In fact, the Battle Creek, Mich.-based company’s cookie, cracker and wholesome snack business together posted 9% growth for the second quarter ended June 30, 2007. That’s in line with the 9% increase in sales that the company as a whole experienced during the quarter. Overall, net earnings topped $300 million, up 13% from the same period last year. These numbers were better than expected, despite continued inflation and a difficult competitive environment, according to the company.
In a recent interview with Refrigerated & Frozen Foods, Snack Food & Wholesale Bakery’s sister publication, David Mackay, Kellogg’s president and CEO, talked about a wide variety of issues impacting the company. SF&WB piggybacked onto the interview and briefly asked Mackay about the acquisitions of Keebler and Sunshine, how the brands have been performing and how the retail snacks business is responding to trends impacting the industry. Here is what he had to say.
Snack Food & Wholesale Bakery: How has Kellogg’s snack division changed since you acquired Keebler and Sunshine?
David Mackay: Kellogg acquired Keebler and Sunshine six years ago. Since that time, the snacks category, like any other, has changed, and we’ve successfully adapted our businesses with new innovations and product packaging, strong brand building support, and excellent in-store execution to meet evolving consumer needs and trends and deliver growth.
For example, on the innovation front, we introduced a number of exciting snacks to the marketplace this year, including Keebler Dipping Delights sandwich cookies, Keebler Right Bites Fudge Shoppe Grasshopper cookies, Nutri-Grain Fruit and Nut Bars, All-Bran crackers, Cheez-It Stix crackers and Club Puffed crackers, to name a few.
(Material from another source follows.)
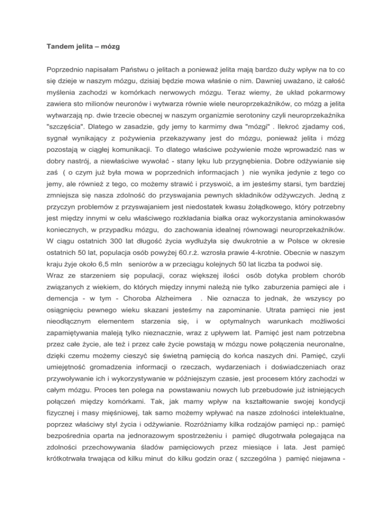 Tandem jelita – mózg Poprzednio napisałam Państwu o jelitach a ponieważ jelita mają bardzo duży wpływ na to co się dzieje w naszym mózgu, dzisiaj będzie mowa właśnie o nim. Dawniej uważano, iż całość myślenia zachodzi w komórkach nerwowych mózgu. Teraz wiemy, że układ pokarmowy zawiera sto milionów neuronów i wytwarza równie wiele neuroprzekaźników, co mózg a jelita wytwarzają np. dwie trzecie obecnej w naszym organizmie serotoniny czyli neuroprzekaźnika "szczęścia". Dlatego w zasadzie, gdy jemy to karmimy dwa "mózgi" . Ilekroć zjadamy coś, sygnał wynikający z pożywienia przekazywany jest do mózgu, ponieważ jelita i mózg pozostają w ciągłej komunikacji. To dlatego właściwe pożywienie może wprowadzić nas w dobry nastrój, a niewłaściwe wywołać - stany lęku lub przygnębienia. Dobre odżywianie się zaś ( o czym już była mowa w poprzednich informacjach ) nie wynika jedynie z tego co jemy, ale również z tego, co możemy strawić i przyswoić, a im jesteśmy starsi, tym bardziej zmniejsza się nasza zdolność do przyswajania pewnych składników odżywczych. Jedną z przyczyn problemów z przyswajaniem jest niedostatek kwasu żołądkowego, który potrzebny jest między innymi w celu właściwego rozkładania białka oraz wykorzystania aminokwasów koniecznych, w przypadku mózgu, do zachowania idealnej równowagi neuroprzekaźników. W ciągu ostatnich 300 lat długość życia wydłużyła się dwukrotnie a w Polsce w okresie ostatnich 50 lat, populacja osób powyżej 60.r.ż. wzrosła prawie 4-krotnie. Obecnie w naszym kraju żyje około 6,5 mln seniorów a w przeciągu kolejnych 50 lat liczba ta podwoi się. Wraz ze starzeniem się populacji, coraz większej ilości osób dotyka problem chorób związanych z wiekiem, do których między innymi należą nie tylko zaburzenia pamięci ale i . Nie oznacza to jednak, że wszyscy po demencja - w tym - Choroba Alzheimera osiągnięciu pewnego wieku skazani jesteśmy na zapominanie. Utrata pamięci nie jest nieodłącznym elementem starzenia się, i w optymalnych warunkach możliwości zapamiętywania maleją tylko nieznacznie, wraz z upływem lat. Pamięć jest nam potrzebna przez całe życie, ale też i przez całe życie powstają w mózgu nowe połączenia neuronalne, dzięki czemu możemy cieszyć się świetną pamięcią do końca naszych dni. Pamięć, czyli umiejętność gromadzenia informacji o rzeczach, wydarzeniach i doświadczeniach oraz przywoływanie ich i wykorzystywanie w późniejszym czasie, jest procesem który zachodzi w całym mózgu. Proces ten polega na powstawaniu nowych lub przebudowie już istniejących połączeń między komórkami. Tak, jak mamy wpływ na kształtowanie swojej kondycji fizycznej i masy mięśniowej, tak samo możemy wpływać na nasze zdolności intelektualne, poprzez właściwy styl życia i odżywianie. Rozróżniamy kilka rodzajów pamięci np.: pamięć bezpośrednia oparta na jednorazowym spostrzeżeniu i pamięć długotrwała polegająca na zdolności przechowywania śladów pamięciowych przez miesiące i lata. Jest pamięć krótkotrwała trwająca od kilku minut do kilku godzin oraz ( szczególna ) pamięć niejawna - odpowiedzialna za wykonywanie przez nas w sposób odruchowy określonych czynności, np. zamykanie drzwi - o fakcie tym często nie wiemy i mamy kłopoty z jego przypomnieniem sobie, czyli nie wiemy że ..., ale wiemy jak... Wytworzenie zdolności zapamiętywania jest jednym z największych osiągnięć ewolucji i jedną z najwspanialszych właściwości mózgu człowieka. Całość operacji umysłowych, obejmujących: myślenie, pamięć i zdolności poznawcze, procesy postrzegania i językowe, funkcje wzrokowo - przestrzenne oraz wykonawcze, składa się na nasz intelekt. Większość ludzi uważa, że inteligencja jest wrodzona i nie można nic zrobić aby ją zmienić. Wprawdzie istnieje wyraźny - wrodzony wskaźnik inteligencji, ale psycholodzy twierdzą, że wykorzystujemy tylko mniej niż 1% naszych intelektualnych możliwości a tymczasem, codziennie w naszych głowach powstają tysiące ( około 60 tys. ) myśli, z których znaczną część stanowią powtórzenia a każda pojedyncza myśl, która pojawia się w naszej głowie wzbudza "falę" aktywności w sieci wyspecjalizowanych komórek nerwowych o których była już mowa - neuronów, których mamy sto miliardów a każdy z nich łączy się z tysiącami innych. Neurony mają "ramiona" zwane dendrytami , na końcu każdego z nich znajduje się akson. W miejscu, gdzie akson spotyka się z drugim neuronem, występuje szczelina ( jak szczelina w świecy samochodowej pozwalająca na przeskok iskry ) - miejsce to nazywa się synapsą. Przez nie przesyłane są sygnały - w rzeczywistości substancje chemiczne, zwane neuroprzekaźnikami - z jednego neuronu do drugiego. "Stacje" nadające i odbierające sygnały, zwane receptorami, zbudowane są z niezbędnych kwasów tłuszczowych, fosfolipidów i aminokwasów. Zamiana aminokwasu w neuroprzekaźnik nie jest prostym zadaniem. Dokonuje się to dzięki enzymom w mózgu, zależnym od składników odżywczych "inteligencji". Zaliczają się do nich witaminy, biopierwiastki oraz specyficzne aminokwasy. Każdy z nas może więc zapytać: skąd mam więc wiedzieć , czy istnieje u mnie niedobór niezbędnych dla dobrego funkcjonowania mózgu składników odżywczych ? Jednym ze sposobów zorientowania się w tym względzie jest szybkość przebiegu procesów myślowych. Zdrowy mózg przetwarza myśl w 320 milisekund, czyli mniej więcej w 1/3 sekundy. U osób z osłabioną pamięcią związaną z wiekiem trwa to 489 milisekund tj. niemal pół sekundy - ludzie w podobnym wieku, ale bez osłabienia pamięci, przetwarzają myśl w ciągu 396 milisekund. Wydaje się, że wiek spowalnia myślenie, ale dalece mniej niż proces chorobowy, który często prowadzi do choroby Alzheimera, co do której istnieje przekonanie

SF&WB: How has the business changed from a marketing perspective? Specifically, how have you repositioned the Sunshine and Keebler brands over the past few years?
Mackay: In the cookie category, there are small but growing segments that appear to be responding to two opposing consumer macro trends: the desire for indulgence and the need for more balanced nutrition. While we see more indulgent, fudge- and chocolate-covered cookies growing, we also see growth in portion controlled 100-calorie cookie packs. Kellogg is well-positioned to address these growing trends. Kellogg’s Keebler brand is the share leader in the fudge-covered and shortbread segments. In the portion control/better-for-you nutrition arena, Keebler Right Bites 100-calorie cookie packs continue to outpace this segment’s growth and we continue to invest behind our Murray Sugar Free cookie brand, which is America’s #1 sugar-free cookie.
In the cracker category, we have strong brands in key segments. Our strategy has been to extend these successful brands selectively into new occasions. Cheez-It Crisps, Club Snack Sticks, Club Puffed and Town House Toppers are all new innovations that give consumers new usage occasions and reasons to enjoy the great taste they’ve come to expect from these brands. Cheez-It is our largest cracker brand that continues to grow. It’s a differentiated product because the cheese is baked in.
As with cookies, there are also some macro trends in the cracker category. On-the-go continues to be a key driver for crackers. Our caddies business is targeted here, and so are sandwich crackers and Gripz. All provide convenient ways for consumers to enjoy our crackers while consumers are busy or on-the-run. Healthier choices are also becoming important for crackers and we have responded successfully with All-Bran crackers, Club Multi-grain and our portion-controlled 100-calorie cracker packs. We have gained market share two years in a row in crackers, and we are well positioned — with our brands’ strength and innovation — to continue to drive future growth.
SF&WB: What is the strategic focus for the Snacks Division in terms of new products introductions?
Mackay: In each of our snacks businesses, packaging innovation, portability and portion control have been important contributors to sales growth. For example, our Right Bites 100-Calorie Packs, Gripz Cheez-It and Gripz Chips Deluxe snacks have been doing very well. The wholesome snacks category continues to grow and provide fertile ground for innovation. And we have more exciting product packaging innovations planned for 2008 across our cookie, cracker and wholesome snack portfolio.